SMR Redux

So, my previous post about a design flaw in SMR, was incorrect.

Where I’d not touched that code for a while, I was not fully understanding what was going on. In fact, the code knows that a thread has at any time in the past (since the most recent generation advance) exited a read section, and so is not dependent on checking at a moment when no threads are in read sections.

So, I’ve been working on the tests, getting them to work, and I’ve finally come to a test which is really using SMR in anger, and of course this reveals to you what it’s like to actually use the API – where that API has changed, and is now no longer called every now and then when entering/exiting a read section or submitting an element, but explicitly and manually by the user.

One inherent aspect of SMR, which is visible and awkward for the developer, is that it is never possible to guarantee that an attempt to advance the generation counter will work. Another thread which is inside a read section blocks the advance of the generation counter beyond its current value. Of course, read sections are by design intended to be extremely brief, so in practise it’s not an issue – but it does mean no guarantee.

One thing which has become clear is that the function call which attempts to advance the generation counter has to be multi-threaded – it is ugly and onerous to put upon the user the burden of ensuring this is only called by a single thread at a time.

SMR

So I’ve been going through the tests making them work again.

I’m currently working on SMR.

Having not touched the SMR code for some time I come back to it fresh – and I have perceived what I think is a design flaw. Not a bug, it works, but, well, maybe it doesn’t work very well when load is high.

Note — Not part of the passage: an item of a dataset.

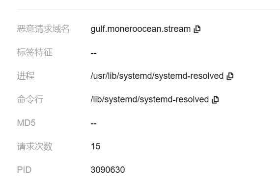 百度可知这个gulf.moneroocean.stream是一个挖矿木马的服务器,但是木马本体肯定不是systemd-resolved,估计是被systemd拉起来的。一时半会找不到这个木马在哪,所以先在腾讯云的服务器安全里配置下拦截策略,把所有关于这个域名的请求都拦截掉。
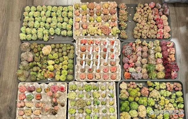多肉葉插苗,性價比很高,價格也很劃算,新手購買最合適多肉的幼苗指的是通過葉片扦插的小苗子,市場上所售賣的景天多肉植物,絕大多數(shù)的品種都是通過葉片進行扦插繁殖的,經(jīng)過一段時間的培育養(yǎng)護,幼苗就會逐漸的長大,從而拿到市場上進行銷售,購買多肉的幼苗和多肉的母本實際上都是差不多的,無非就是大小的問題。  葉插的多肉苗子,市面上售賣的價格相對來說是比較便宜的,尤其是針對當(dāng)下的大環(huán)境,多肉的扦插苗子,價格可以說得上,是非常劃算的,十幾塊錢就可以買到一箱子,一箱子中包含幾十個品種,這對于初次養(yǎng)多肉的新手花友是非常友好的。 便宜的多肉,其實買回家也照樣可以養(yǎng)活,只要你細心去治療,大概需要2~3年的時間,多肉就可以長大,正常的情況下,像南方地區(qū)兩年的時間多肉就可以長成母本的狀態(tài),我國南方地區(qū)的空氣濕度大,溫度偏高,多肉的生長速度格外的迅速。 在眾多的多肉品種里,其實綜合來看都是差不多的,大家養(yǎng)多肉更多的是為了開心,完全沒有必要去追求一些高價的品種,普通的品種也照樣可以養(yǎng)得很好,十幾塊錢的多肉幼苗,經(jīng)過兩年的生長周期養(yǎng)大之后出狀態(tài)了,顏色也是非常漂亮的。 在當(dāng)下市面上所售賣的所有多肉植物種類葉插的多肉幼苗,性價比可以說得上是最高的,尤其是在價格上非常的便宜,二三十塊錢的價格就可以買到一整箱子,對于我們家庭中陽臺養(yǎng)多肉,也就足夠去玩了。 葉插的多肉幼苗,在種植期間需要做到的一步就是要進行修根,多肉修根這一步,也一定是必不可少的,主要的目的是為了讓多肉植物長出新的根系,以便于適應(yīng)新的環(huán)境,新的根系扎根的能力更強,可以更快地吸收花土中的養(yǎng)分和水分,能大大的提高多肉本身的生長速度。 很多的多肉花友為了能在種植期間方便省事,直接將多肉種植在新的花土中,并沒有做到修根這一步,其實這是錯誤的,原有的根系會繼續(xù)固定在原有的土塊中,在較短的時間里,新根系是長不出來的,會嚴(yán)重影響到多肉的生長速度。葉插多肉幼苗修根,更有利于它的生長,不要為了方便省事,耽誤了多肉的后期生長。

The core issue with SMR is knowing when it’s safe to advance the generation counter. Each SMR instantiation maintains a generation counter, which begins at 0, and when an allocation is submitted to SMR (to be returned when it is safe to reuse or free, i.e. when no thread could possibly access it) it is assigned the value at that time of the generation counter.

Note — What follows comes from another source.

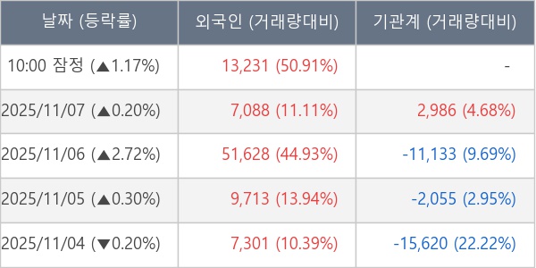 [표] 외국인ㆍ기관 순매매량 (단위 주)
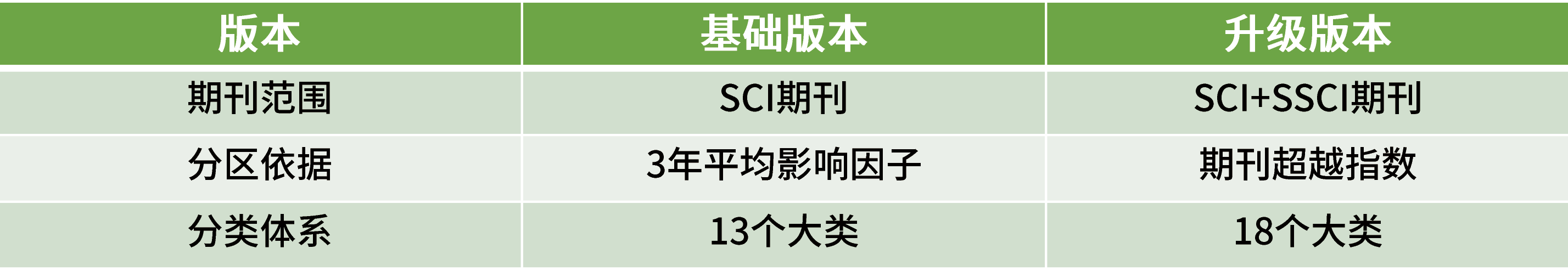 最流行是的中科院的分區(qū)。從2020年,分區(qū)依據由原來的影響因子換成超越指數,這種分區(qū)方法將經歷2019-2021三年的過渡期,由原來的13大類變成了18大類,如下圖所示。

When the generation counter has advanced by *two* more than the value in an allocation (I can’t remember why two, offhand – there is a vital reason for it, or there was at any rate, as I initially had it set to one, and that was a bug; I realised why and changed it to two) then it is safe to be reused.

Now, the design flaw is this : to advance the generation counter, the user calls an SMR function, which checks for certain criteria (I’ll come to that in just a mo) and if they are satisfied, the generation counter is advanced.

Remember here we’re checking for the possibility of a thread accessing an element which has already been by one thread submitted to SMR for reuse – i.e. that thread has emerged from a read section holding the element, having removed it probably from a data structure, and wants it to be re-used. The problem SMR is solving is that other threads might be engaged at that very moment in lock-free work and hold pointers to that element. We need all threads to be known to have exited their read sections (the code which does lock-free work) or to have been idle.

The critera are that since the last call to this function, all threads have either been idle (which is to say, not entered a read section – i.e. have done no lock-free work), or have entered and then exited a read section. If however any thread is currently IN a read section, then it could be it holds a pointer to this allocation.

So the problem is this – if the data structure is very busy, and there are many threads, some threads will always or almost always be in a read section. We never get to advance the generation counter!

A solution which comes to mind is this : each thread in its per-thread SMR state keeps track of the number of tiems it has entered and exited a read section. It also keeps a copy of the values of those counters from when the user last checked to see if the generation counter could be advanced.

This way even if we have lots of busy threads, we can still advance the generation counter, becuse we can see *how often each thread has exited a read section*. So even if many threads are currently IN a read-section, we can still know it’s safe to advance the ccounter.

So now I have more work to do – in the sense that I need to make the current SMR pass it tests again (which is itself already quite improved since the benchmark app was working), get the benchmark app running again, benchmark, then make these changes, then benchmark again.

Progress

Ha. My post has the same name as a Russian spaceship.

A weekend ago I made liblfds compile again.

I’m now working on the test suite. It’s a lot of work. I’m going to release without the benchmark programme – it’ll just take too long.

So, current goal is to get test compiling.

I’d like to get it done this weekend, but we’ll see.

Managed to really bang a little toe into a metal bar, yesterday, so I’m stuck indoors today (and prolly tomorrow). There’s a Statue of Liberty kayak trip this Sunday, which by my trip up to WDC Thu/Fri I completely forgot to book in time – uber bleh 🙁 like the third time I’ve missed it, and it only runs every two weeks.

Status

Have made the gross code changes to liblfds, now need to slap it around until it compiles.

Then need to rewrite all the tests, and also the benchmark app too.

This thing has one hell of a tail. I need an automatic code adjuster, something which understands C and adheres to my code style; but that won’t help with test or benchmark.